What you give back should be exactly the lines from the one with "Bursa'daki fabrikada çıkan" through the final line of the material, pictures removed; please add nothing.

→ Records provided:
^^^^
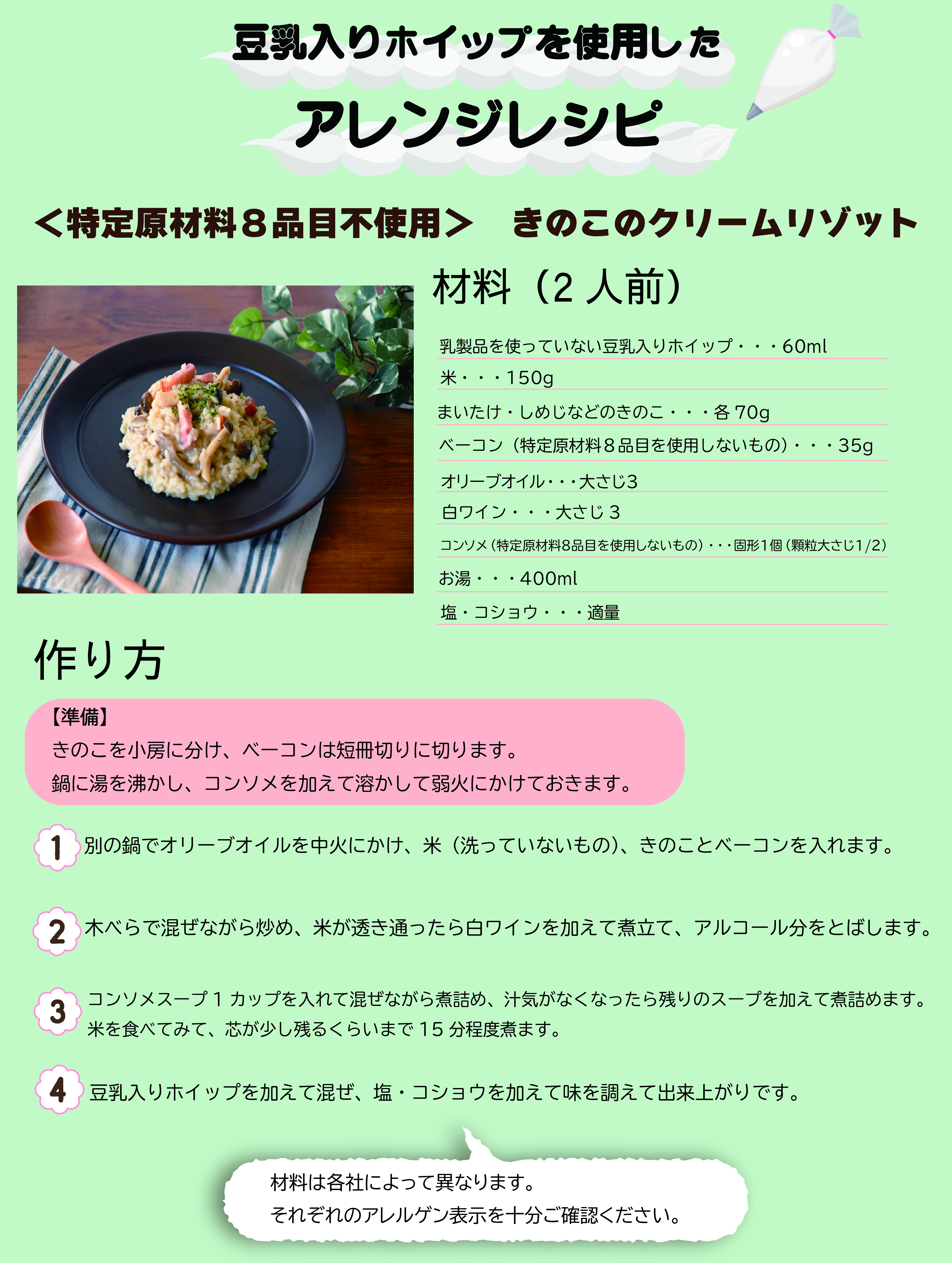 鮮やかな白色、優しい風味、マイルドな口当たりなど、乳製品では味わえない特長があります。豆乳臭さもありません。
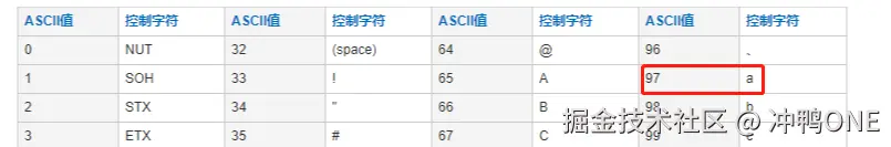 - 和 2 一样,只不过表示的是 16 进制的数值,格式如:'\uX',X 表示 16 进制的整数,如:97 的 16 进制是
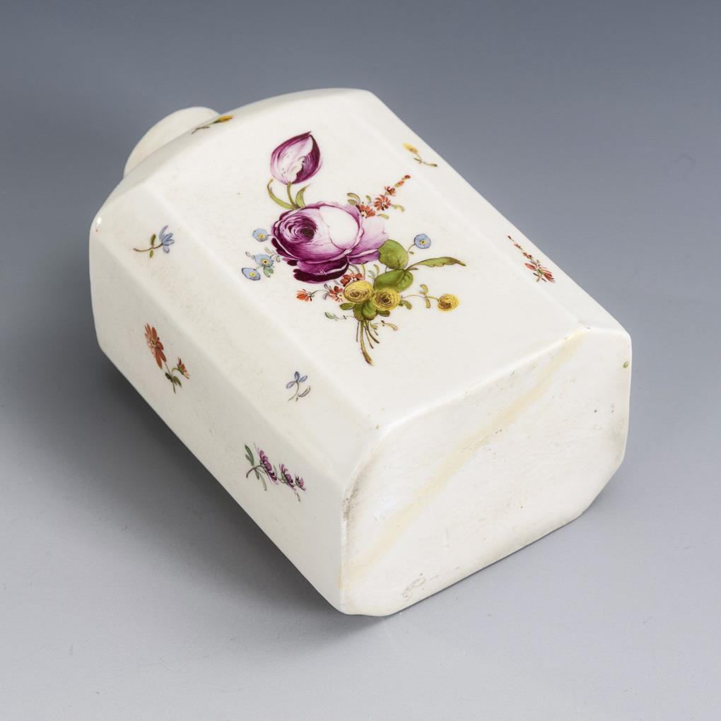 Rectangular tea caddy with cut corners and floral bouquets on both sides. Lid missing, restored hairline crack to base.
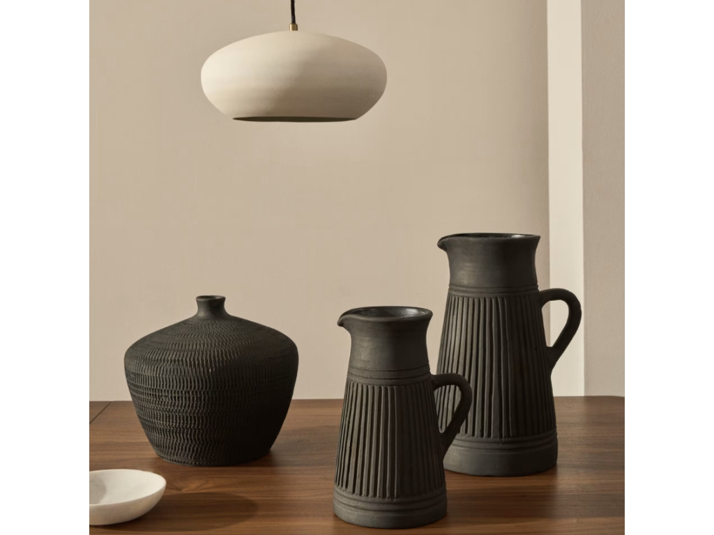 Váza Kave Home Menre má podobu džbánu a je dostupná ve dvou velikostech. Na jejich výrobu byla použita terakota, která svého tmavého odstínu dosáhla díky procesu vypalování. Váza skvěle zapadne do přírodně laděných prostor, slušet jí to bude po boku dalších designovek z kolekce Natural Expression, která se právě na spojení s přírodou zaměřuje. Udělejte si radost sami sobě, nebo ji darujte svým blízkým – radost udělá všem milovníkům designu.
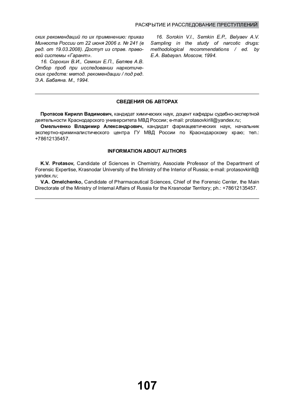 16. Сорокин В.И., Семкин Е.П., Беляев А.В. Отбор проб при исследовании наркотических средств: метод. рекомендации / под ред. Э.А. Бабаяна. М., 1994.
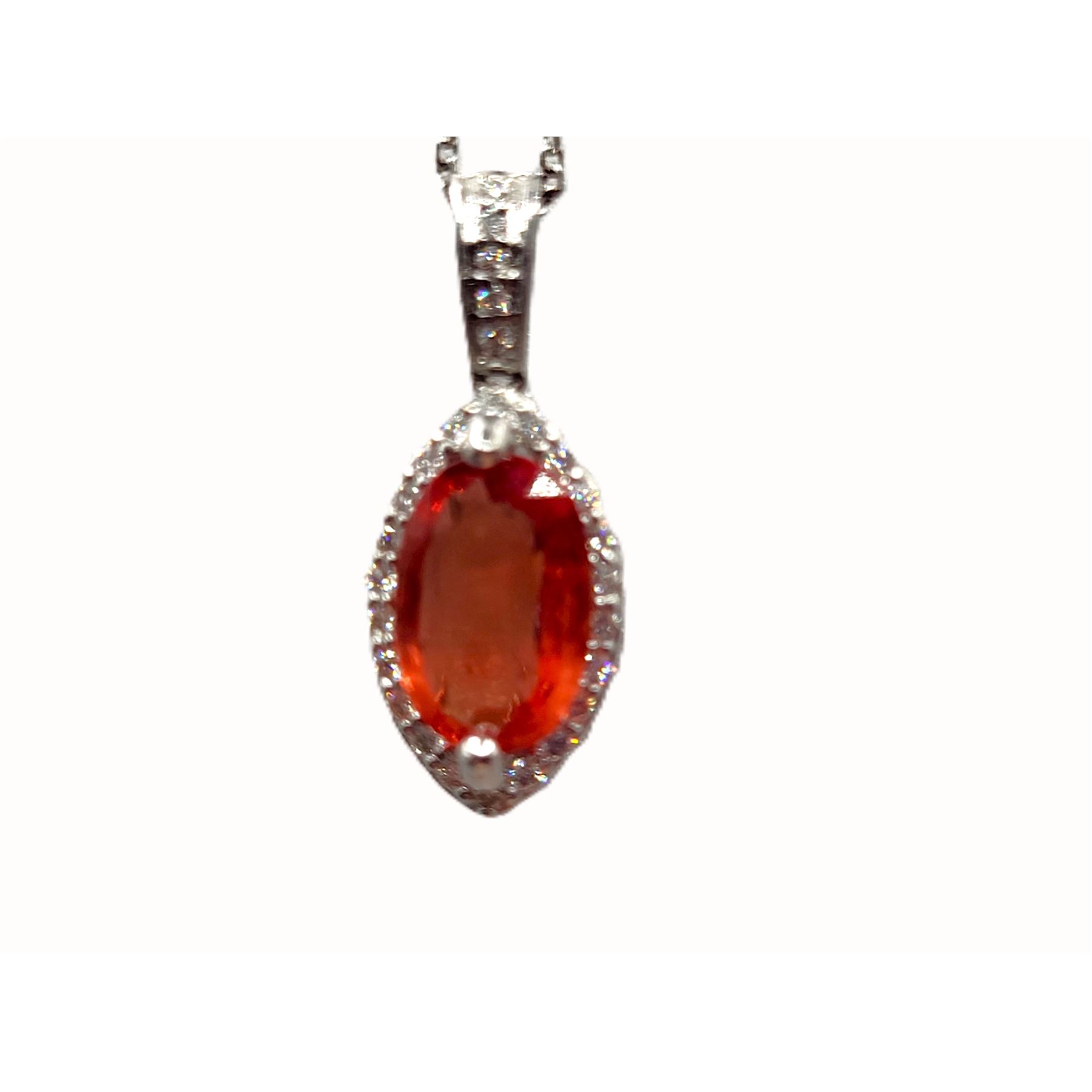 A 1.39 carat oval-cut, genuine orange sapphire is prong-set in a navette-shaped 14 karat white god pendant with .15 carats total weight round, brilliant-cut, I color, I1-I2 clarity diamonds in the floating halo and bail. The pendant has a ribbed back gallery for better balance and hangs from an 18& quot; fine link chain with spring ring. Admin: e7159/6-nhg
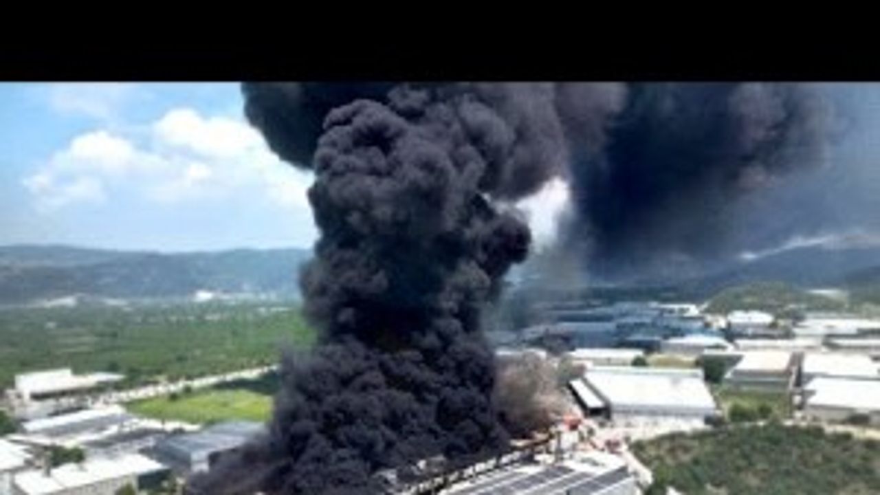 Bursa'daki fabrikada çıkan büyük yangın havadan görüntülendi...
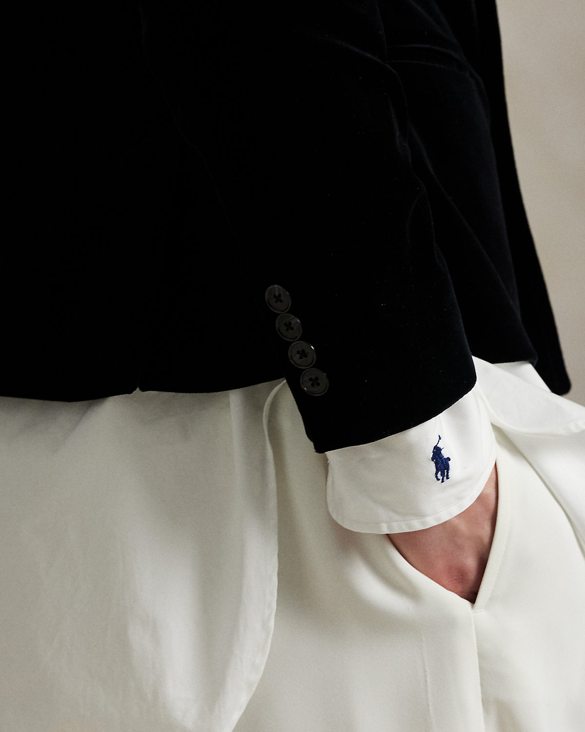 - “Polo by Ralpthth Lauren” woven patch at the interior left chest.
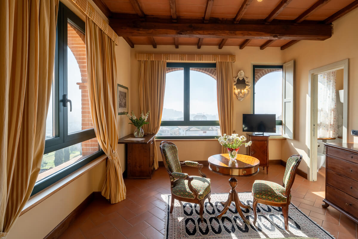 Elegante camera con due ampie vetrate vista sul parco con olivi secolari, sul lago e sulle dolci colline umbro toscane, raggiungibile con una scala di circa 15 gradini.
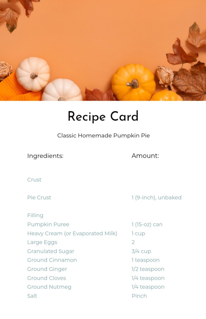 In a big bowl, toss together 1 (15-ounce) can of pumpkin puree (make sure it’s not the pie filling!), 1 cup of heavy cream (or go for evaporated milk for that classic vibe), 2 large eggs, 3/4 cup granulated sugar, and your favorite warm spices.
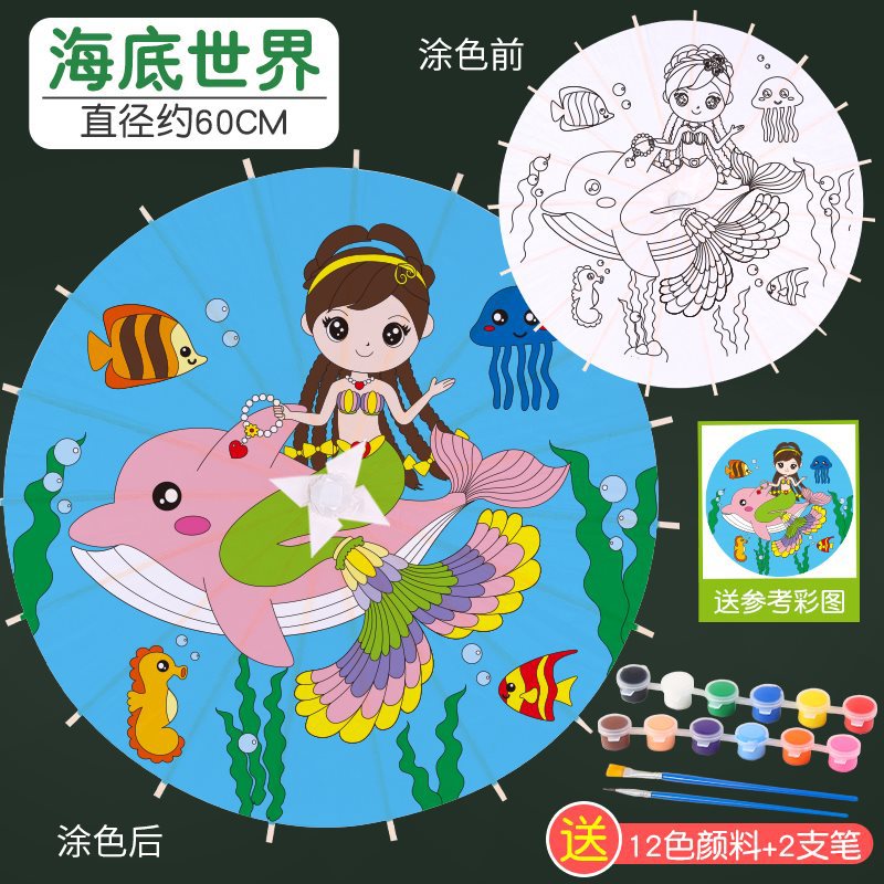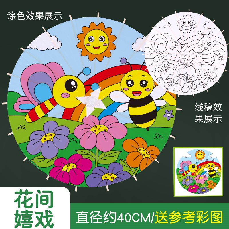 빈 오일 종이 우산 diy 손으로 그린 우산 재료 유치원 크리 에이 티브 어린이 손으로 그린 낙서 색칠 작은 우산스토어 가기
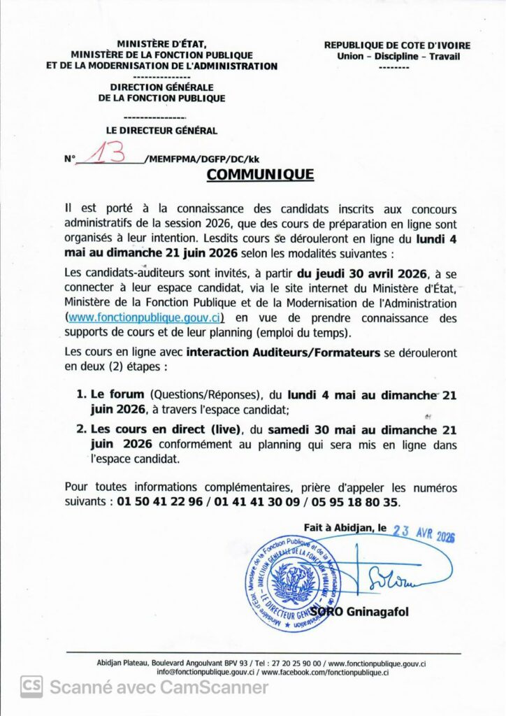 Les candidats-auditeurs sont invités, à partir du jeudi 30 avril 2026, à se connecter à leur espace candidat, via le site internet du Ministère d’État, Ministère de la Fonction Publique et de la Modernisation de l’Administration (www.fonctionpublique.gouv.ci) en vue de prendre connaissance des supports de cours et de leur planning (emploi du temps).», déclare le directeur général de la fonction publique dans un communiqué officiel. Les sessions de cours se dérouleront en deux phases. La première phase sera une session de questions/réponses appelé Forum. Cette session démarre le lundi 4 mai pour prendre fin le 21 juin prochain.
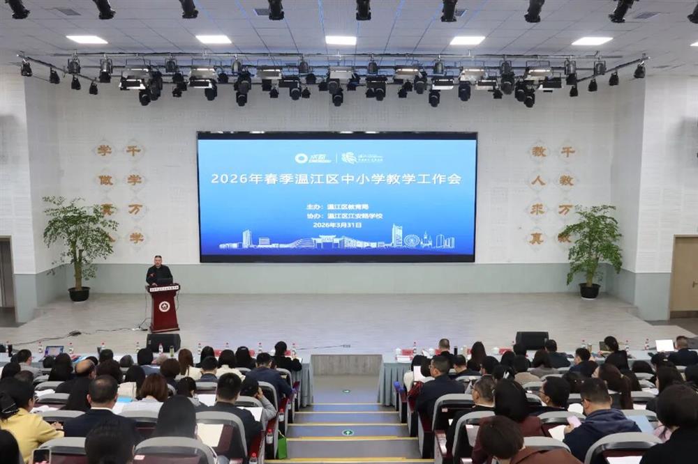 为进一步明确新学期教学工作方向、部署重点任务,3 月 31 日,温江区 2026 年春季中小学教学工作会在江安路学校召开。区教育局、区教科院相关负责人,各学科教研员及全区义务教育阶段学校校长、教学行政、教研组长、年级组长代表等 300 余人参会。
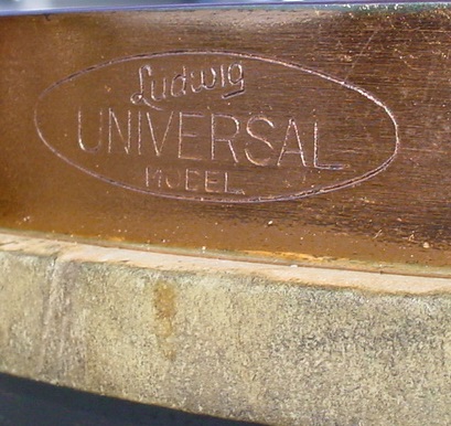 This shell is a 2-pc. brass shell with folded over and soldered back bearing edges but a lighter version as mentioned. The Universal rims are the “steel band” type rims vs. the nob single flanged rims found on the Professional Models. The top rim has the oval “Ludwig Universal Model” stamp. The Universal Model came with the top rim-mounted Tango Throw-Off Strainer (1922-53) and the P-84 “basket” butt plate vs. the P-338 strainer and P-85 butt plate that came with the Professional Models.
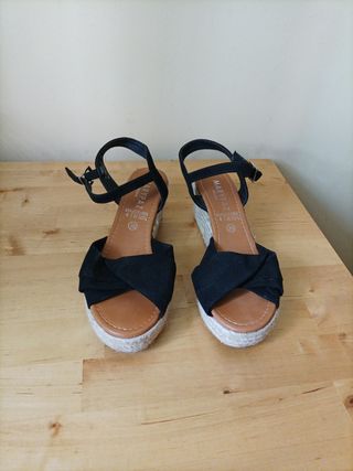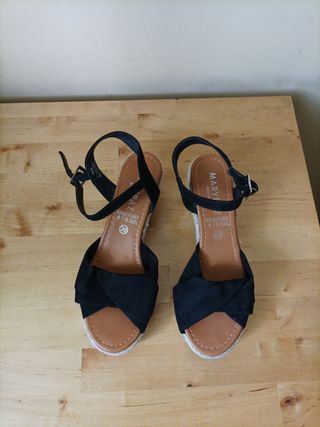Sandalia con tacon corcho de 9,5 cm de alto. Talla 38. Estan en perfectas condiciones. Tienen su caja de compra de Mary Paz
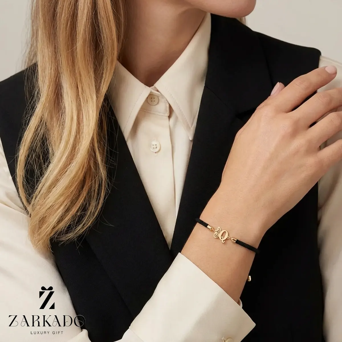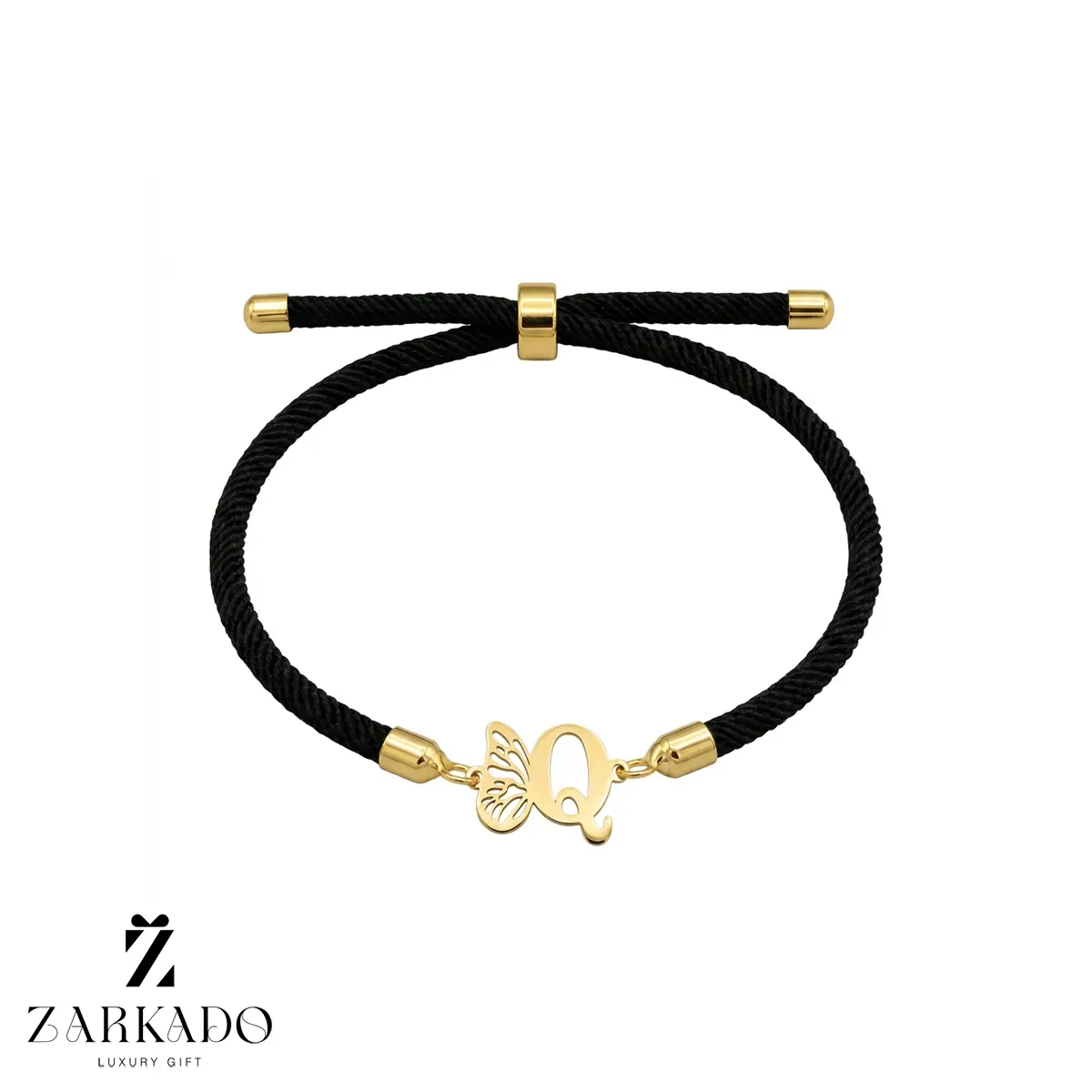 دستبند بندی با پلاک حرف Q با بال پروانه از جنس طلا، انتخابی ظریف و شیک برای استفاده روزمره یا هدیهای شخصی و ماندگار.
^^^^
→ Reply to the task:
 Bursa'daki fabrikada çıkan büyük yangın havadan görüntülendi...
 - “Polo by Ralpthth Lauren” woven patch at the interior left chest.
 Elegante camera con due ampie vetrate vista sul parco con olivi secolari, sul lago e sulle dolci colline umbro toscane, raggiungibile con una scala di circa 15 gradini.
 In a big bowl, toss together 1 (15-ounce) can of pumpkin puree (make sure it’s not the pie filling!), 1 cup of heavy cream (or go for evaporated milk for that classic vibe), 2 large eggs, 3/4 cup granulated sugar, and your favorite warm spices.
 빈 오일 종이 우산 diy 손으로 그린 우산 재료 유치원 크리 에이 티브 어린이 손으로 그린 낙서 색칠 작은 우산스토어 가기
 Les candidats-auditeurs sont invités, à partir du jeudi 30 avril 2026, à se connecter à leur espace candidat, via le site internet du Ministère d’État, Ministère de la Fonction Publique et de la Modernisation de l’Administration (www.fonctionpublique.gouv.ci) en vue de prendre connaissance des supports de cours et de leur planning (emploi du temps).», déclare le directeur général de la fonction publique dans un communiqué officiel. Les sessions de cours se dérouleront en deux phases. La première phase sera une session de questions/réponses appelé Forum. Cette session démarre le lundi 4 mai pour prendre fin le 21 juin prochain.
 为进一步明确新学期教学工作方向、部署重点任务,3 月 31 日,温江区 2026 年春季中小学教学工作会在江安路学校召开。区教育局、区教科院相关负责人,各学科教研员及全区义务教育阶段学校校长、教学行政、教研组长、年级组长代表等 300 余人参会。
 This shell is a 2-pc. brass shell with folded over and soldered back bearing edges but a lighter version as mentioned. The Universal rims are the “steel band” type rims vs. the nob single flanged rims found on the Professional Models. The top rim has the oval “Ludwig Universal Model” stamp. The Universal Model came with the top rim-mounted Tango Throw-Off Strainer (1922-53) and the P-84 “basket” butt plate vs. the P-338 strainer and P-85 butt plate that came with the Professional Models.
Sandalia con tacon corcho de 9,5 cm de alto. Talla 38. Estan en perfectas condiciones. Tienen su caja de compra de Mary Paz
 دستبند بندی با پلاک حرف Q با بال پروانه از جنس طلا، انتخابی ظریف و شیک برای استفاده روزمره یا هدیهای شخصی و ماندگار.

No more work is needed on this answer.